La elección que ha tomado Gabriel Mendoza de producir imágenes en el campo del arte de la pintura en el contexto contemporáneo es muy particular; pintar para él es elegir trabajar en un modo creativo anacrónico pero muy sugerente, es decir, bajo las reglas –si bien abiertas- de una disciplina plástica moderna legible por la histórica transmisión de sus códigos. Decidir pintar y no movilizar la sensibilidad y la mente en alguna práctica a-disciplinaria o trans-disciplinaria más postvanguardista obedece, pues, a la despreocupada fascinación de Gabriel por lo que pertenece a la cultura de las cosas pasadas que siguen latiendo –y haciendo sentido- en los márgenes del dominante social y artístico.

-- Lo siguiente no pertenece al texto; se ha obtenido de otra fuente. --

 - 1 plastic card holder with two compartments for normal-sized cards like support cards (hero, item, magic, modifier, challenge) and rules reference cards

Volviendo al tema de la representación de grupos de personajes en la obra de Gabriel Mendoza, me parece que se trata de imágenes de comunidades de vida, de sobrevivencia y de saberes cotidianos. A veces aparecen bajo la apariencia de turbas reunidas en el crepúsculo del juego y la violencia; otras, más bien en la lógica imaginativa de la convivencia en estado puro; pero en la mayoría de las pinturas, se muestran a la manera de corrillos de personajes extáticos cuya gesticulación alcanza el estatus del signo y de una ritualidad en la que la simplicidad de los acontecimientos que protagonizan siempre se puede leer en el sentido de lo extraordinario o lo insólito.

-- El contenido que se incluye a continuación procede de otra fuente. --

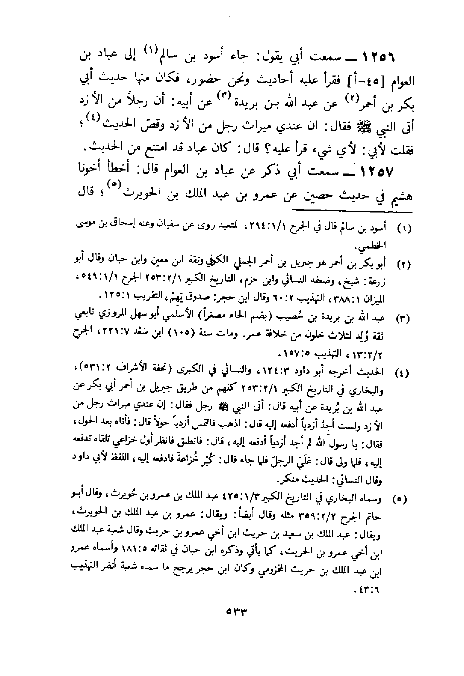 1256 - سَمِعْتُ أَبِي يَقُولُ جَاءَ أَسْوَدُ بْنُ سَالِمٍ إِلَى عَبَّادِ بْنِ الْعَوَّامِ فَقَرَأَ عَلَيْهِ أَحَادِيثَ وَنَحْنُ حُضُورٌ فَكَانَ مِنْهَا حَدِيثُ أَبِي بَكْرِ بْنِ أَحْمَرَ عَنْ عَبْدِ اللَّهِ بْنِ بُرَيْدَةَ عَنْ أَبِيهِ أَنَّ رَجُلا مِنَ الأَزْدِ أَتَى النَّبِيَّ صَلَّى اللَّهُ عَلَيْهِ وَسَلَّمَ فَقَالَ إِنَّ عِنْدِي مِيرَاثَ رَجُلٍ مِنَ الأَزْدِ وَقَصَّ الْحَدِيثَ فَقُلْتُ لأَبِي لأَيِّ شَيْءٍ قَرَأَ عَلَيْهِ قَالَ كَانَ عَبَّادٌ قَدِ امْتَنَعَ مِنَ الْحَدِيثِ

Las parentelas tocadas por el estigma de la genealogía, las tribus urbanas diversas y confrontadas, y los solitarios en medio de todos los otros, que pinta una y otra vez Gabriel Mendoza no nada más figuran sociedades de convivencia o de vida, son, por lo demás, inusitadas alegorías de las sociedades de saber: recorren caminos intricados en busca de iniciación, ponen en marcha las tecnologías agonísticas del cuerpo y del juego de cara a la transfiguración, rinden tributo al tránsito por los paisajes en estado de naturaleza salvaje, evocan el uso talismánico del lenguaje, hacen el reconocimiento psíquico de las fronteras de su corporeidad, adquieren identidades múltiples y son, cada uno, muchos seres al mismo tiempo, toman parte en celebraciones desmedidas y en empresas perversas… Detrás de todas estas asociaciones está todo el tiempo la imagen del niño, ése es el contenido de saber que arrojan dichas representaciones de sociedades de conocimiento del tipo afectivo.

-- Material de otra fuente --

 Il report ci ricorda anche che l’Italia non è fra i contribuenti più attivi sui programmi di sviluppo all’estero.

Gabriel Mendoza recupera, por principio y a final de cuentas, la imagen ceremonial del niño y de la esfera difusa de la infancia vivida como absoluto, porque en sus imágenes la niñez y lo infantil ponen en evidencia que ahí se encuentra la dimensión antigua de lo social, de él personalmente o de nosotros mismos. La iconografía de las bicicletas ardientes y el camino que lleva a todos lados, la del rostro balbuciente y las siluetas que posan ante un posible mirón, igual que la continua referencia a una oralidad fundacional que aparece en formato de texto escrito por un escolapio en una especie de voz visual en off, si cabe el término, articulan cada vez, pintura tras pintura, pedazos de un himno dedicado a la invocación del niño que se ha diluido en la identidad de cualquier persona, del niño que ya no está en el mundo personal del artista, pero también –y ahí está lo sustantivo desde el punto de vista artístico- del niño que vendrá cuando la producción de conciencia o inconsciencia subjetiva lo haga posible.